Три часа прошли незаметно. На вокзал провожать Нину пошли всей комнатой.

* * *

Работать было решительно невозможно: кто-нибудь да заглядывал в лаборантскую. Федор выключил рубильник, закрыл дверь и перешел в препараторскую. Включив настольную лампу, он начал было составлять тезисы лекции, но и тут ничего не шло в голову.

Сегодня в педагогическом институте общегородской студенческий вечер. Федор знал, что сейчас по коридору потоком двигаются студенты, прогуливаясь от актового зала до деканата литфака. Он завидовал: сам когда-то, совсем недавно, беззаботно гулял по всем этажам.

Все перевернулось и перемешалось в жизни.

Всего две недели назад Федор был уверен, что все идет, как задумано: он женится, успешно продвигается в науке. И вот — Нина ушла… убежала, убежала неожиданно, не сказав ни слова, даже обидного.

В день, когда она уезжала с группой студентов-добровольцев, Федор тоже был на вокзале. Хотелось многое сказать ей, но не удалось даже подойти.

Во время митинга, глядя на раскрасневшееся от мороза, слегка нахмуренное лицо Нины, Федор окончательно убедился в том, что он для нее больше не существует. Не смея приблизиться к ней, он старался навсегда запомнить дорогие черты. Порой ему казалось, что все это во сне, все это скоро пройдет: стоит кому-нибудь появиться и с трибуны сказать: «Нет, товарищи, никакой войны. Идите-ка домой», и снова улыбка Нины, прикосновение ее рук… Но, к сожалению, все это было не во сне, и через несколько минут эшелон увез добровольцев на фронт…
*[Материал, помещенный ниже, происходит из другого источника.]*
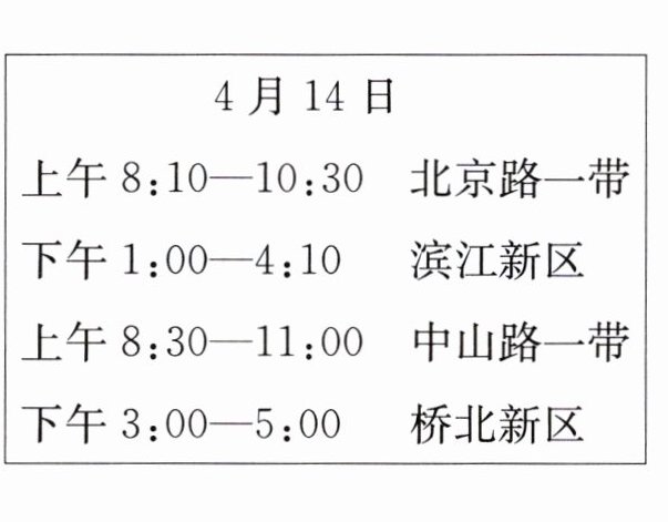 (2)桥北新区 下午 5:00 是 17 时。17 时 - 16 时 20 分 = 40 分
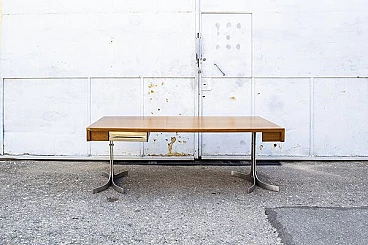 Scrivania in alluminio e legno con cassetto di Trau, anni '60
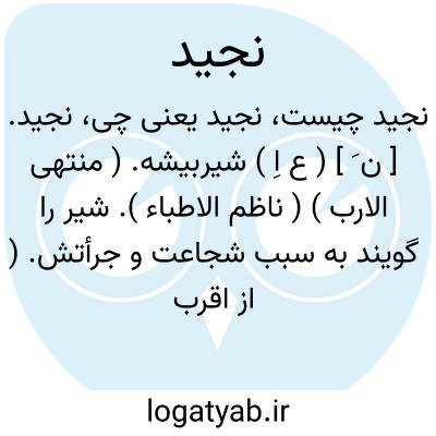 نجید. [ ن َ ] ( ع اِ ) شیربیشه. ( منتهی الارب ) ( ناظم الاطباء ). شیر را گویند به سبب شجاعت و جرأتش. ( از اقرب الموارد ). || ( ص ) دلیر درگذرنده در امور معضل. ( منتهی الارب ). شجاعی که در کارهائی داخل شود که دیگران عاجزند. ( از اقرب الموارد ). || وقاد. شجاع. نجد. صاحب نجدت. صاحب اقدام. ج، انجاد. ( یادداشت مؤلف ). || اندوه مند. رنجدیده. ( منتهی الارب ) ( ناظم الاطباء ). مکروب. مغموم. ( اقرب الموارد ). ج، نُجُد، نجداء.

Оборвалась связь и с товарищами. Сережа Заякин и Аня на письма не отвечали с осени. Сережа сам говорил, что «не переваривает» его, а последние споры окончательно разъединили их. Коля, хоть и обещал не обижаться, когда уезжал в армию, не будет писать. Дедушкин, единственный человек, с которым он мог бы встретиться, почти не бывает дома: он инструктор обкома и все время разъезжает по области.

Были, конечно, новые знакомства, новые друзья, да все не то. Трудно на них положиться. Не знаешь, что заставляет их дружить с тобой. Сорвись, потеряй место, — и кто знает, как они примут это. Может быть, отвернутся при встрече, сделав вид, что не заметили тебя, может быть, кто-нибудь и пригласит к себе, как бы между прочим, а придешь — примет с оттенком снисхождения и унизит при случае…

Нет, это не друзья-студенты, с которыми можно и поговорить, и поспорить, но которых всегда чувствуешь, как близких, как равных тебе.

Кто-то решительно открыл дверь и подошел к столу. В полосе света мелькнула серая шинель.

— Владимир Александрович здесь? — спросил знакомый голос.

— Геннадий Иванович! — обрадовался Федор, вставая. — Проходи, проходи, садись.

— А, Федя! Мне и тебя хотелось увидеть. Решил перед отъездом повидаться с тобой и со своими учителями. Дедушкин был в шинели и со знаками политрука.

— В армию взяли?

— Я прикреплен к Кировскому району. Там молодежь решила организовать лыжный батальон и идти на фронт. Я тоже попросился. Меня и назначили политруком роты. Завтра выезжаем. Вот и зашел проститься с институтом. Да и с тобой повидаться. Двое только нас осталось из всего курса. Коля снова на фронте. Был я у Сергея и Ани. Ночевал у них.

— Как они живут?

— Дружно, мне кажется. По службе у Сергея большие неприятности, и это чуть не привело, к разрыву. Сергей там столкнулся с людьми нечистоплотными в делах, а ты знаешь его характер: он не терпит этого и не молчит. А Аня не понимала… У нее же святое правило: «Сказанное слово — серебро, не сказанное — золото». Потом, видимо, сама убедилась, что не права… А у тебя как дела?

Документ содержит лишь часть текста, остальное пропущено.